## What to produce
Once the images are set aside, write out the rest of the records exactly.

## Task inputs

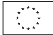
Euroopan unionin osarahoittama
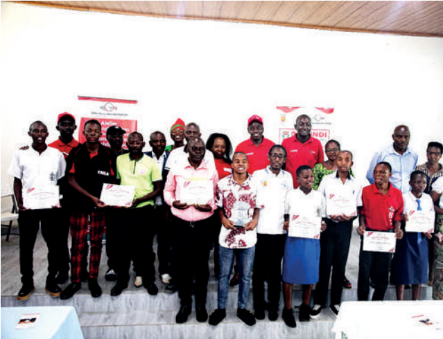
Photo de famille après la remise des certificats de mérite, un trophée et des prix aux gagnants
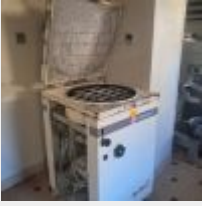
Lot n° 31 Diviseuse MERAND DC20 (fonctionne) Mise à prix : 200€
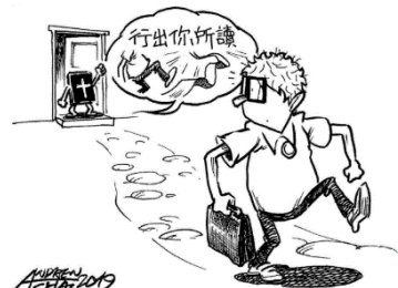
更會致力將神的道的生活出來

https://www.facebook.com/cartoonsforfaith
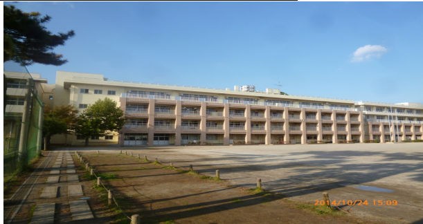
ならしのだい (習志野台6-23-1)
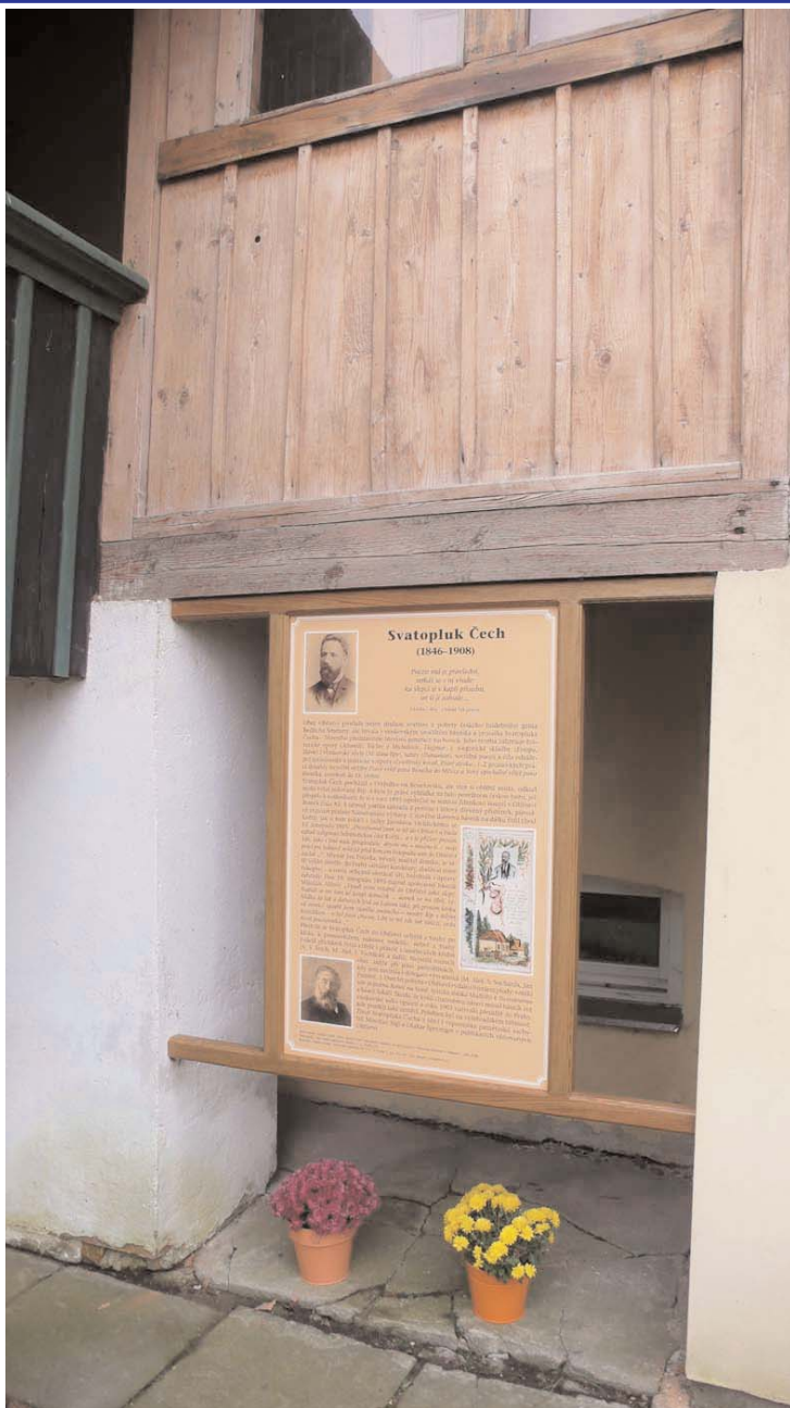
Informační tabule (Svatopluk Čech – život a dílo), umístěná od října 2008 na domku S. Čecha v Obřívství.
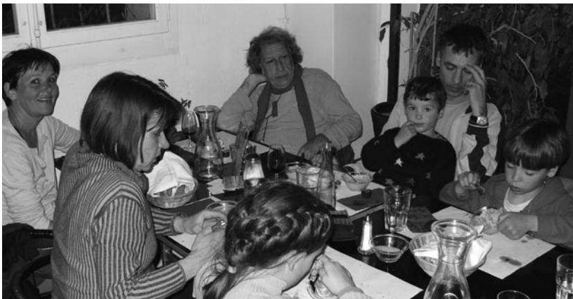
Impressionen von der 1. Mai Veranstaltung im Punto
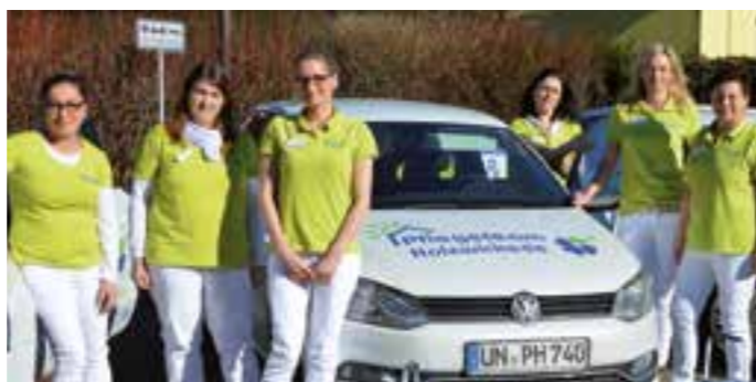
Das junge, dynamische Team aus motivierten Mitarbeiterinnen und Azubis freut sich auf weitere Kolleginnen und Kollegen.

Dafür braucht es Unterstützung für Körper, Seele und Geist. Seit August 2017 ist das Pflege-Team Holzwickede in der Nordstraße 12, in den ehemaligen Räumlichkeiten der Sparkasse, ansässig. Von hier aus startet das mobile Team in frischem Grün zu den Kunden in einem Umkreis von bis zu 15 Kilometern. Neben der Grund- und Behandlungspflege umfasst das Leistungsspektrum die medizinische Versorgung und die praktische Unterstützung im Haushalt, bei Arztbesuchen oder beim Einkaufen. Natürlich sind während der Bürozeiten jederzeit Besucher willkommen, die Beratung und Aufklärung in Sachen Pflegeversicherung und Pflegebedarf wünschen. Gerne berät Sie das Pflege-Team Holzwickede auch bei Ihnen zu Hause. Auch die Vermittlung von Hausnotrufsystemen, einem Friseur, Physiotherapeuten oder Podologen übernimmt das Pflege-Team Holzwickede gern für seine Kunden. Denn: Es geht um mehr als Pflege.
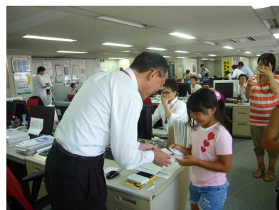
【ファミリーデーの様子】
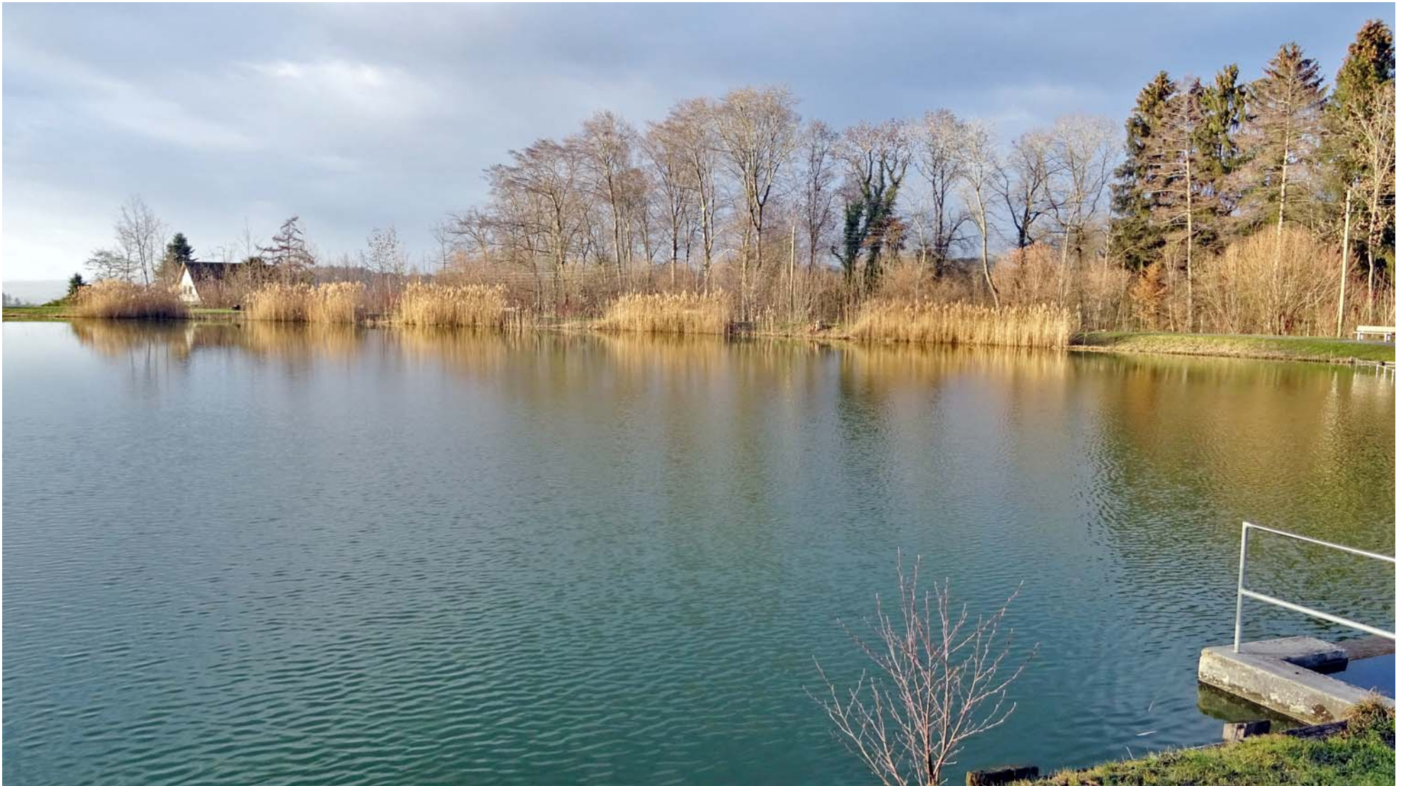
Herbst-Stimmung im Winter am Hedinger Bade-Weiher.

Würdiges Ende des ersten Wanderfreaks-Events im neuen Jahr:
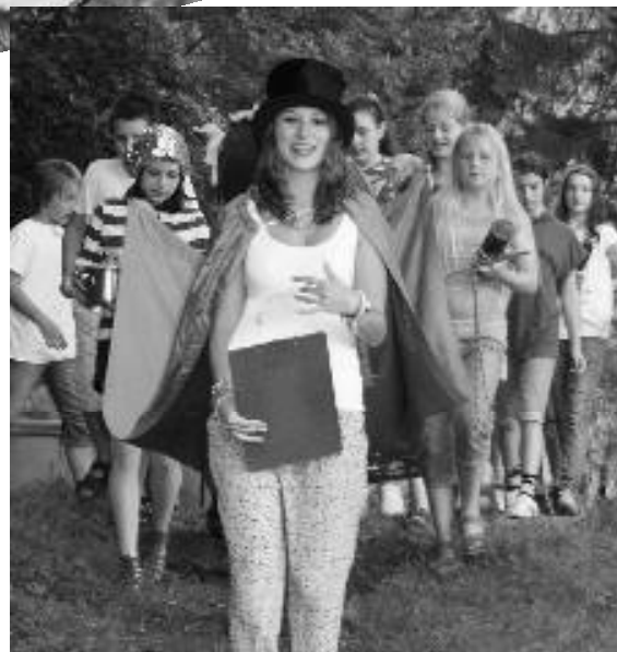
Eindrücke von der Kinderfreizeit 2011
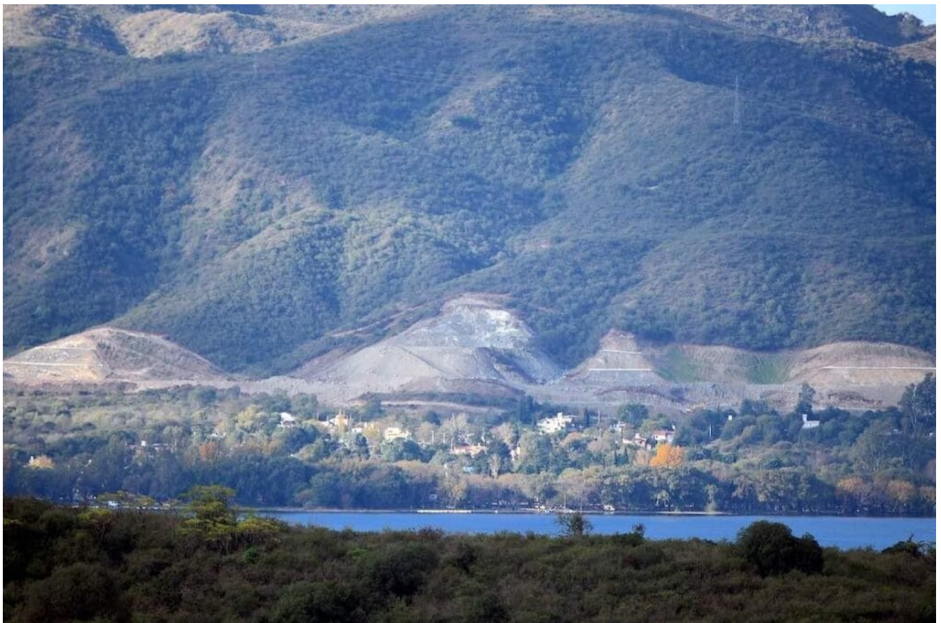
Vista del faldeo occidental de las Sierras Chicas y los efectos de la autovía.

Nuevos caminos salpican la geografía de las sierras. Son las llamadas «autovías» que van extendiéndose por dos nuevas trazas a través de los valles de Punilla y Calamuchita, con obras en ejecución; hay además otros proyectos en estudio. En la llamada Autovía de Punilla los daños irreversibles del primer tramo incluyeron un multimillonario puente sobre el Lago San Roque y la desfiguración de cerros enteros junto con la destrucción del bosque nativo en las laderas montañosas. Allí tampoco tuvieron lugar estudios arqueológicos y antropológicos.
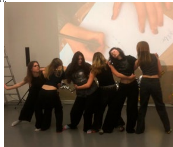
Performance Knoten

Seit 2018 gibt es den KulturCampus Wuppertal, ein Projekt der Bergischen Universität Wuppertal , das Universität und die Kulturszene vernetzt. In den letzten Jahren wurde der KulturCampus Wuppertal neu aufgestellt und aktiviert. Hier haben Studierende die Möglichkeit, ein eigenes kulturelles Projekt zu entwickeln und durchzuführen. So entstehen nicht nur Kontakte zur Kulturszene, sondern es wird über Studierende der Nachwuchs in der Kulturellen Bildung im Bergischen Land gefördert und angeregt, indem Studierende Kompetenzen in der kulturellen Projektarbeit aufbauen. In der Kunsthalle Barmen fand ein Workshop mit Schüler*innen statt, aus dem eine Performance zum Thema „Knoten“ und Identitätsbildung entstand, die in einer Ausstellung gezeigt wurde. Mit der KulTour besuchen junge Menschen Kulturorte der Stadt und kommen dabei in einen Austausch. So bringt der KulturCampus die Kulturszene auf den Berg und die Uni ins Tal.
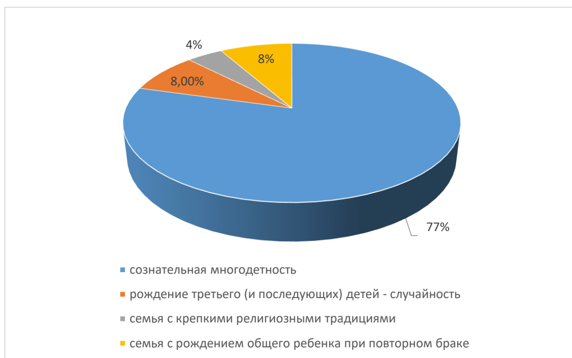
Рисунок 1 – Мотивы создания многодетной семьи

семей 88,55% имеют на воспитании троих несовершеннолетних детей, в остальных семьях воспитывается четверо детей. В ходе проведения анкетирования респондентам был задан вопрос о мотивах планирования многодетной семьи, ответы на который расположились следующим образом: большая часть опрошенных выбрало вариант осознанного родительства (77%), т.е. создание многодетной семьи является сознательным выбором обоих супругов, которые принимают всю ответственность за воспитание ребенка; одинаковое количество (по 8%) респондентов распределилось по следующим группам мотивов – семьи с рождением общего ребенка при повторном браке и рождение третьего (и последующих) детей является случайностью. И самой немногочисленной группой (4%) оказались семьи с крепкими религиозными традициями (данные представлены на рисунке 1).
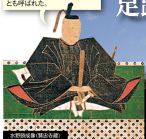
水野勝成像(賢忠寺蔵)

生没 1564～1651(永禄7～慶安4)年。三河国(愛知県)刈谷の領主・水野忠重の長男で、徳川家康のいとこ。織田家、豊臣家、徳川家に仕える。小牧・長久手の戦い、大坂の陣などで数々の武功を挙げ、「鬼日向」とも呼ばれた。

## Solution to this exercise
Euroopan unionin osarahoittama
Photo de famille après la remise des certificats de mérite, un trophée et des prix aux gagnants
Lot n° 31 Diviseuse MERAND DC20 (fonctionne) Mise à prix : 200€
更會致力將神的道的生活出來

https://www.facebook.com/cartoonsforfaith
ならしのだい (習志野台6-23-1)
Informační tabule (Svatopluk Čech – život a dílo), umístěná od října 2008 na domku S. Čecha v Obřívství.
Impressionen von der 1. Mai Veranstaltung im Punto
Das junge, dynamische Team aus motivierten Mitarbeiterinnen und Azubis freut sich auf weitere Kolleginnen und Kollegen.

Dafür braucht es Unterstützung für Körper, Seele und Geist. Seit August 2017 ist das Pflege-Team Holzwickede in der Nordstraße 12, in den ehemaligen Räumlichkeiten der Sparkasse, ansässig. Von hier aus startet das mobile Team in frischem Grün zu den Kunden in einem Umkreis von bis zu 15 Kilometern. Neben der Grund- und Behandlungspflege umfasst das Leistungsspektrum die medizinische Versorgung und die praktische Unterstützung im Haushalt, bei Arztbesuchen oder beim Einkaufen. Natürlich sind während der Bürozeiten jederzeit Besucher willkommen, die Beratung und Aufklärung in Sachen Pflegeversicherung und Pflegebedarf wünschen. Gerne berät Sie das Pflege-Team Holzwickede auch bei Ihnen zu Hause. Auch die Vermittlung von Hausnotrufsystemen, einem Friseur, Physiotherapeuten oder Podologen übernimmt das Pflege-Team Holzwickede gern für seine Kunden. Denn: Es geht um mehr als Pflege.
【ファミリーデーの様子】
Herbst-Stimmung im Winter am Hedinger Bade-Weiher.

Würdiges Ende des ersten Wanderfreaks-Events im neuen Jahr:
Eindrücke von der Kinderfreizeit 2011
Vista del faldeo occidental de las Sierras Chicas y los efectos de la autovía.

Nuevos caminos salpican la geografía de las sierras. Son las llamadas «autovías» que van extendiéndose por dos nuevas trazas a través de los valles de Punilla y Calamuchita, con obras en ejecución; hay además otros proyectos en estudio. En la llamada Autovía de Punilla los daños irreversibles del primer tramo incluyeron un multimillonario puente sobre el Lago San Roque y la desfiguración de cerros enteros junto con la destrucción del bosque nativo en las laderas montañosas. Allí tampoco tuvieron lugar estudios arqueológicos y antropológicos.
Performance Knoten

Seit 2018 gibt es den KulturCampus Wuppertal, ein Projekt der Bergischen Universität Wuppertal , das Universität und die Kulturszene vernetzt. In den letzten Jahren wurde der KulturCampus Wuppertal neu aufgestellt und aktiviert. Hier haben Studierende die Möglichkeit, ein eigenes kulturelles Projekt zu entwickeln und durchzuführen. So entstehen nicht nur Kontakte zur Kulturszene, sondern es wird über Studierende der Nachwuchs in der Kulturellen Bildung im Bergischen Land gefördert und angeregt, indem Studierende Kompetenzen in der kulturellen Projektarbeit aufbauen. In der Kunsthalle Barmen fand ein Workshop mit Schüler*innen statt, aus dem eine Performance zum Thema „Knoten“ und Identitätsbildung entstand, die in einer Ausstellung gezeigt wurde. Mit der KulTour besuchen junge Menschen Kulturorte der Stadt und kommen dabei in einen Austausch. So bringt der KulturCampus die Kulturszene auf den Berg und die Uni ins Tal.
Рисунок 1 – Мотивы создания многодетной семьи

семей 88,55% имеют на воспитании троих несовершеннолетних детей, в остальных семьях воспитывается четверо детей. В ходе проведения анкетирования респондентам был задан вопрос о мотивах планирования многодетной семьи, ответы на который расположились следующим образом: большая часть опрошенных выбрало вариант осознанного родительства (77%), т.е. создание многодетной семьи является сознательным выбором обоих супругов, которые принимают всю ответственность за воспитание ребенка; одинаковое количество (по 8%) респондентов распределилось по следующим группам мотивов – семьи с рождением общего ребенка при повторном браке и рождение третьего (и последующих) детей является случайностью. И самой немногочисленной группой (4%) оказались семьи с крепкими религиозными традициями (данные представлены на рисунке 1).
水野勝成像(賢忠寺蔵)

生没 1564～1651(永禄7～慶安4)年。三河国(愛知県)刈谷の領主・水野忠重の長男で、徳川家康のいとこ。織田家、豊臣家、徳川家に仕える。小牧・長久手の戦い、大坂の陣などで数々の武功を挙げ、「鬼日向」とも呼ばれた。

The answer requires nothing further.